IISH

Volume 55 part 3 (December 2010)

Summaries

Fernando Teixeira da Silva. The Brazilian and Italian Labor Courts: comparative notes
This article compares the Brazilian Labor Court, created in 1939, and the Italian Magistratura del Lavoro, instituted in 1926 by the government of Mussolini, to "harmonize" the conflicts between labor and capital through judicial means. The text problematizes the Brazilian intellectual tradition which sees the Labor Court either as a typically national product or as the transcription of an international model. It demonstrates that current polemics keep on fixed within the ambit of the "national problem" such as it was formulated in the 1930s. The approach adopted does not exclusively concentrate on the formal apparatus of juridical structure, but interrogate its functioning over time into different historical conjunctures. The main goal of the article is understand the Labor Justice as an institutional recourse historically appropriated by different subjects, in particular by workers, who gave them differentiated political meanings.

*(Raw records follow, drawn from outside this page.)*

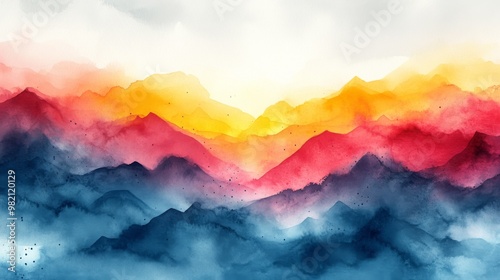 watercolor, abstract, mountain, landscape, art, painting, red, yellow, blue, nature, sky, horizon, fog, mist, hill, peak, range, layer, gradient, colourful, high-coloured, vibrant, artistic, texture, background, design, illustration, pattern, beauty, calmness, serenity, peace, harmony, dreamy, inspiration, imagination, creative
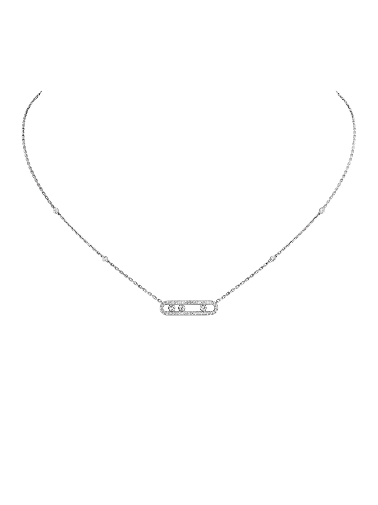 Capture all your special moments and turn each of them into a brilliant statement. The expressive eye-catcher of the Baby Move Pavé necklace from Messika in radiant 18k white gold is the collection’s signature Move cage with three freely moving diamonds that celebrate the love of yesterday, today and tomorrow. The diamond-studded cage comes on a 42-centimeter necklace that is adorned with another four diamonds. A piece of jewelry in a clear, graphic design that you will never want to take of again.
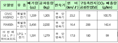 시빅 하이브리드는 배기량 1339cc로 휘발유를 사용하며 연비는 23.2km/ℓ. RX450h는 3456cc로 휘발유를 사용하며 연비는 16.4km/ℓ이다.
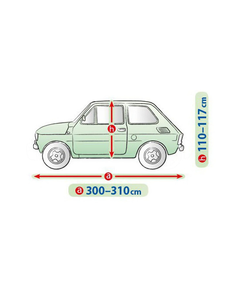 Materiał tekstylny, z którego wykonana jest plandeka dopasuje się zarówno do nieco mniejszego, jak i większego samochodu o podobnym kształcie i wymiarze nie przekraczającym podanego powyżej obwodu.
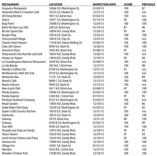 | How do Mid-county restaurants rate? There are approximately 3000 restaurants in Multnomah County; 350 in Mid-county. Multnomah County Health Department Environmental Health Specialists conduct unannounced inspections of food service establishments. These inspectors ensure food safety by evaluating food worker habits and practices; where food comes from and how it is stored in the restaurant; how food is prepared and cooked; and cooling, holding and reheating temperatures. Inspectors report observed violations that are not in compliance with Oregon Revised Statute 624 and Oregon Administrative Rule. This law and these rules are designed to identify violations that can contribute to food borne illness. Priority violations unable to be corrected at the time of the inspection must be corrected within fourteen days and verified by a re-inspection. A safe, alternative procedure must be in place until the final correction is completed. A restaurant must receive a score of 70 to pass the inspection. Re-inspections are not scored. Customers will find a placard on the restaurant entrance that indicates if a facility passed the last routine health inspection. To look up any restaurant in Multnomah County visit this site: http://www3.multco.us/MCHealthInspect/ListSearch.aspx Here are recent results for restaurants in Mid-county.
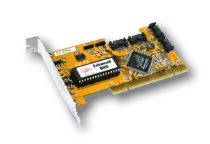 Höhe von 8cm. Er unterstützt RAID 0 (Stripping), RAID 1 (Mirroring), RAID 0+1. Der EX-3336-L hat vier interne Serial-ATA Ausgänge für bis zu vier Serial-ATA Festplatten. Optional mit dem EX-3341 Slotkabel, besteht die Möglichkeit zwei Serial-ATA Ausgänge nach außen zu führen. Es wird Software Treiber und RAID KIT mitgeliefert. Der EX-3336-L ist die richtige Lösung um S-ATA Geräte an einen PCI Slot anzuschließen.
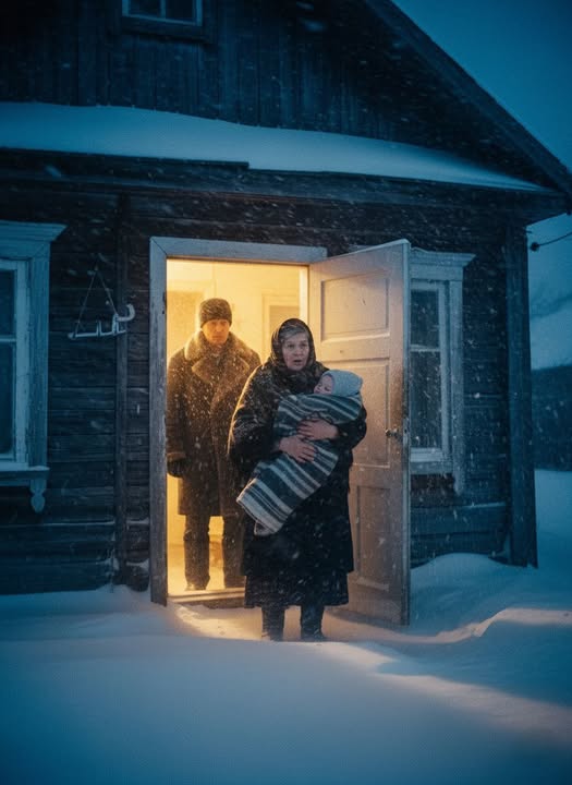 Дверь открылась с трудом — её почти замело снегом. На пороге стояла девушка, хрупкая, как тростник, в элегантном тёмном пальто. В руках она держала свёрток. Лицо её было заплакано, глаза расширены от страха.
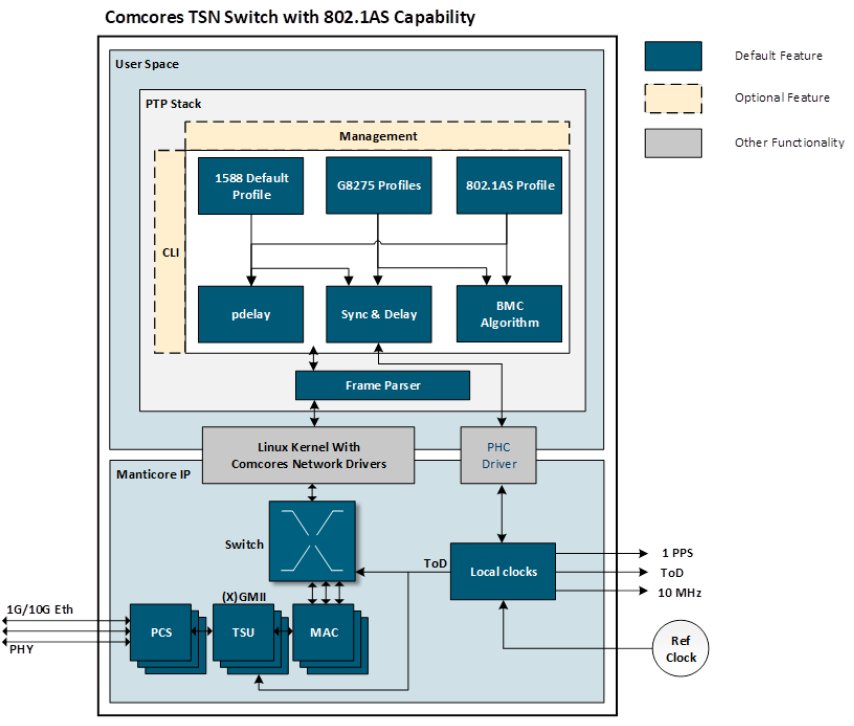 Point-to-point latency is automatically calculated and the solution also provides programmable eMAC and PHY ingress and egress latency compensation. The IP is pre-integrated with Comcores´ own MAC as well as with Intel and Xilinx Ethernet MAC cores and can be easily integrated with other MAC/PCS implementations. To enable customer-friendly implementation, a PTP hardware sub-system implementation is provided by Comcores that includes pre-integrated MAC, PCS and DMA IP as well as supporting PTP software.
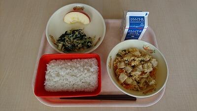 今日の献立は、塩(エン)ジョイランチで、ご飯、親子煮、海苔和え、りんご、牛乳でした。
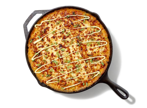 - Remove skillet from oven and increase heat to broil on HIGH. Top with remaining 12 oz mozzarella and return skillet to oven on center rack. Broil 3–5 minutes until cheese is melted and browned. Let stand 5 minutes. Top with reserved green onions; drizzle with mayonnaise and barbecue sauce, if using. Serve.
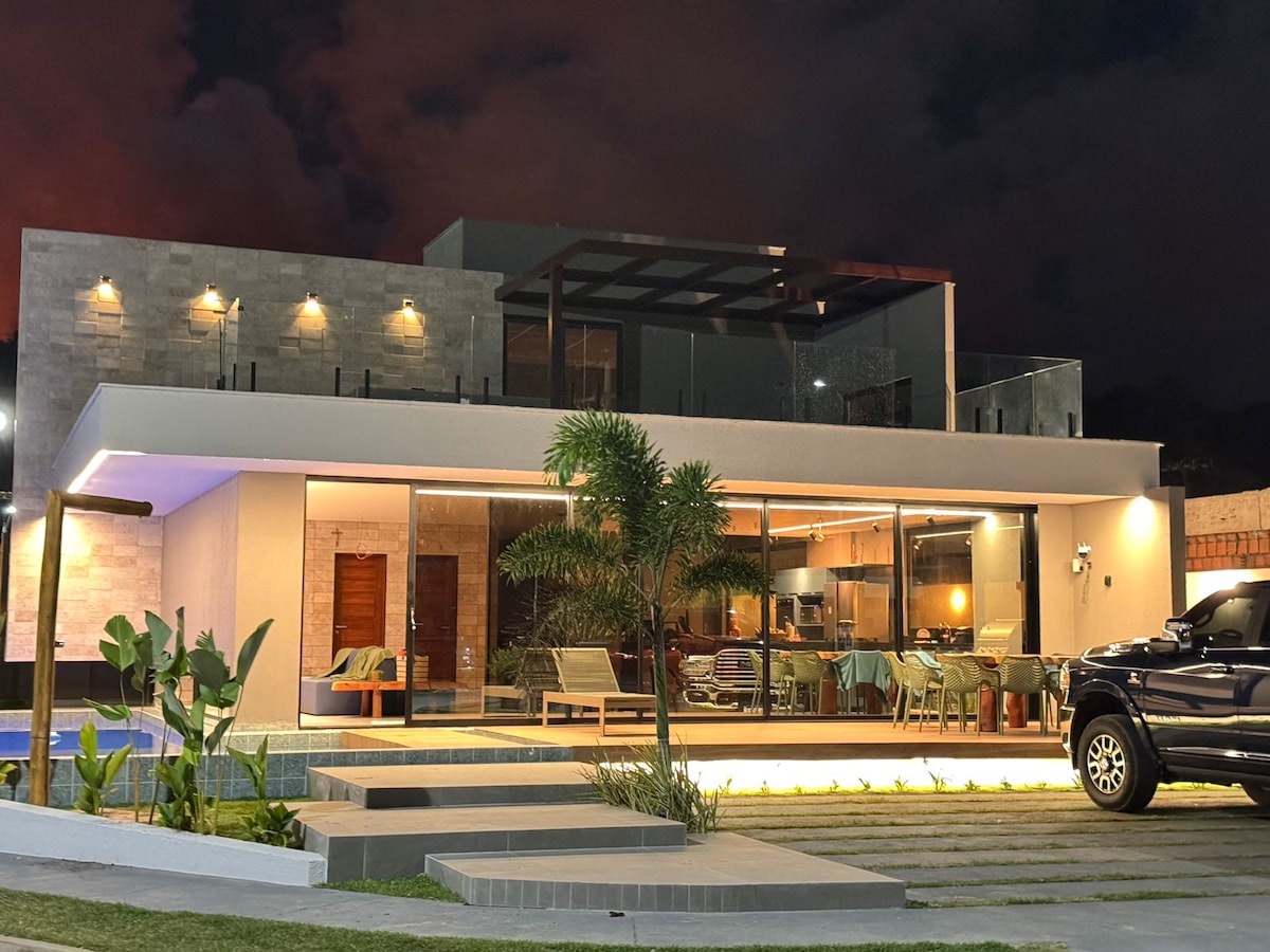 Esta lujosa casa, ubicada en un condominio cerrado junto al mar, ofrece comodidad, lujo y estilo. Disfruta del espacio integrado, la cocina gourmet, la piscina climatizada y el comedor al aire libre. Con 5 dormitorios, 4 suites, 1 casa y 1 dependencia completa, es perfecto para grupos más grandes o familias. Diviértete con la PlayStation 5 y relájate en la piscina climatizada. También ofrecemos un cargador de automóvil eléctrico portátil.
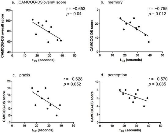 PCr recovery half-time significantly correlated with CAMCOG-DS memory domain scores (r = −0.755, p = 0.012; Figure 2b) and showed a trend toward correlation in praxis (r = −0.628, p = 0.052; Figure 2c) and perception (r = −0.570, p = 0.085; Figure 2d) domains. No significant associations were found with attention (r = −0.495, p = 0.145) or abstract thinking (r = −0.348, p = 0.324).
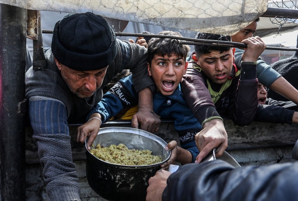 Sıcak yemek dağıtımı için saatlerce sıra bekleyen Filistinliler, çoğu zaman çocuklarının karnını doyurmaya yetecek tek bir öğünle yetinmek zorunda kalıyor.
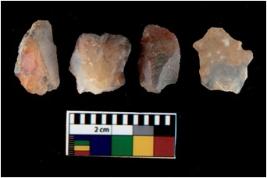 | Description / विवरण | There are n 4 utilized flake cores. Out of them three are made up of Chalcedony and one is made up of Chert. There are multi directional irregular scar pattern on them. Three have blunted edges and one has round edge. |
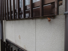 | 施工前の外観です。 | 壁にはシミなどの汚れが目立っています。 | 壁以外にも全体的に錆びや汚れが目立ちます。 |

Erik Green. State-led Agricultural Intensification and Rural Labour Relations: The case of Lilongwe Land Development Program in Malawi, 1968-1981
This article deals with cash crop production and its impact on labour relations in postcolonial African peasant agriculture. The focus is on the Lilongwe Land Development Programme (1968-1981) in Malawi. The aim of the programme was to enable African farmers to increase yields and make them shift from the cultivation of tobacco and local maize to groundnuts and high-yielding varieties of maize. The programme failed to meet its goals, because of contradictory forces set in motion by the programme itself. The LLDP enabled a larger segment of farmers to engage in commercial agriculture, which caused a decline in supplies of local labourers ready to be employed on a casual or permanent basis. Increased commercial production was thus accompanied by a de-commercialization of labour relations, which hampered the scope for better-off farmers to increase yields by employing additional labourers. By using both written and oral sources, this article thus provides an empirical case that questions the conventional view that increased cash crop production in twentieth-century rural Africa was accompanied by a commercialization of labour relations. It concludes that the history of rural labour relations cannot be grasped by simple linear models of historical change, but requires an understanding of local contexts, with a focus on farming systems and factors that determine the local supply of and demand for labour.

Kathryn J. Oberdeck. Of Tubs and Toil: Kohler Workers in an Empire of Hygiene, 1920-2000
This paper examines contests over the intimate and global geographies of domestic hygiene advanced by the Kohler Company, a plumbing-ware manufacturer that promoted "American" standards living in its welfare-capitalist industrial village of Kohler, Wisconsin. Drawing from the approaches of labor history, cultural history and critical geography, it demonstrates the value of combining these methodologies. The perspectives of Kohler workers on "American" living standards, it reveals, complicate cultural histories that cast such workers as uncritical audiences for imperializing claims about the superiority of American sanitation. The paper argues that workers who struggled to unionize the Kohler plant challenged company definitions of "American" standards and generated alternative, laborite maps of domestic hygiene and the labor associated with it among local immigrant workers and laborers elsewhere in the world. It considers the legacy of those maps in the context of the company's changing global networks of production and consumption.

Rüdiger Hachtmann. Fordism and Unfree Labor: Aspects of the Work Deployment of Concentration Camp Prisoners in German Industry between 1941 and 1944
This article examines the relationship between Fordism and unfree labor in Nazi Germany. Fordism is understood here as a form of workplace rationalization (especially assembly line production), but also as a "technology of domination" and an "exploitation innovation". In contrast to the Weimar Republic, Fordism was established in broad sectors of German industry under Nazi rule in the form of "war Fordism". In order to examine the connections between the specific historical variants of these two apparently contradictory production regimes - Fordism and forced labor - the article focuses on the "labor deployment" of the most severely terrorized and brutalized group of laborers in Nazi Germany: concentration camp prisoners. Surveying the existing literature, it explores the compatibilities and tensions between Fordism and the deployments of concentration camp prisoners in German industry. In closing, several theses are presented on how Fordism between 1941 and 1944 can be classified within an entire history of Fordism in Germany.